» SOURCE DATA
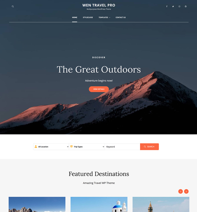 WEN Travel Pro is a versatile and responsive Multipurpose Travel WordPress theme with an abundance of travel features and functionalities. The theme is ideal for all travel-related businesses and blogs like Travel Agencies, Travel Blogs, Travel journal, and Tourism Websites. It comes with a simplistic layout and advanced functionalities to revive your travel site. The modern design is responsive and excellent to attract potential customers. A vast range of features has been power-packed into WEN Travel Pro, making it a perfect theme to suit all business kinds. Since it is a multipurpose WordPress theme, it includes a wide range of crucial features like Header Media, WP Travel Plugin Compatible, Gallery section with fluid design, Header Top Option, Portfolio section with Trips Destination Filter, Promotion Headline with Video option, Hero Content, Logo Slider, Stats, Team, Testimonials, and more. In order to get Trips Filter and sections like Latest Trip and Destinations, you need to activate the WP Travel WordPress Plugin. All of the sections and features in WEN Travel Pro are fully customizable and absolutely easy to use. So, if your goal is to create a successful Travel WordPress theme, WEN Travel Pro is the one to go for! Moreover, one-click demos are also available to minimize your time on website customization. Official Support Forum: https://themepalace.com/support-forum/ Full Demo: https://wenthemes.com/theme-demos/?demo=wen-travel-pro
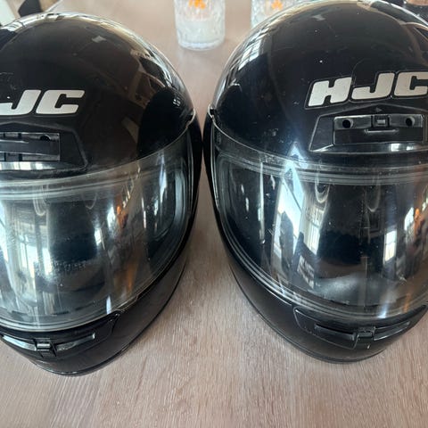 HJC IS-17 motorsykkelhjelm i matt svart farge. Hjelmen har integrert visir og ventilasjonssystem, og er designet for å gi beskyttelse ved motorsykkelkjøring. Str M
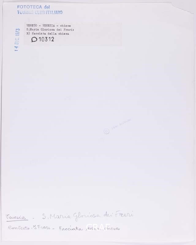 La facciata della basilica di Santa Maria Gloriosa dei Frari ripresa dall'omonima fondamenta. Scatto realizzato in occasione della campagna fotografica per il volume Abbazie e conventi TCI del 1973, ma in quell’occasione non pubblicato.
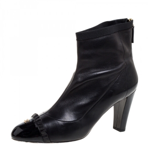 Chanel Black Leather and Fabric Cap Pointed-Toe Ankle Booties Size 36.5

» EXERCISE
Exactly as they appear, transcribe the lines from the top of the material above through the line with "HJC IS-17 motorsykkelhjelm". Omit any picture.

» TASK OUTPUT
 WEN Travel Pro is a versatile and responsive Multipurpose Travel WordPress theme with an abundance of travel features and functionalities. The theme is ideal for all travel-related businesses and blogs like Travel Agencies, Travel Blogs, Travel journal, and Tourism Websites. It comes with a simplistic layout and advanced functionalities to revive your travel site. The modern design is responsive and excellent to attract potential customers. A vast range of features has been power-packed into WEN Travel Pro, making it a perfect theme to suit all business kinds. Since it is a multipurpose WordPress theme, it includes a wide range of crucial features like Header Media, WP Travel Plugin Compatible, Gallery section with fluid design, Header Top Option, Portfolio section with Trips Destination Filter, Promotion Headline with Video option, Hero Content, Logo Slider, Stats, Team, Testimonials, and more. In order to get Trips Filter and sections like Latest Trip and Destinations, you need to activate the WP Travel WordPress Plugin. All of the sections and features in WEN Travel Pro are fully customizable and absolutely easy to use. So, if your goal is to create a successful Travel WordPress theme, WEN Travel Pro is the one to go for! Moreover, one-click demos are also available to minimize your time on website customization. Official Support Forum: https://themepalace.com/support-forum/ Full Demo: https://wenthemes.com/theme-demos/?demo=wen-travel-pro
 HJC IS-17 motorsykkelhjelm i matt svart farge. Hjelmen har integrert visir og ventilasjonssystem, og er designet for å gi beskyttelse ved motorsykkelkjøring. Str M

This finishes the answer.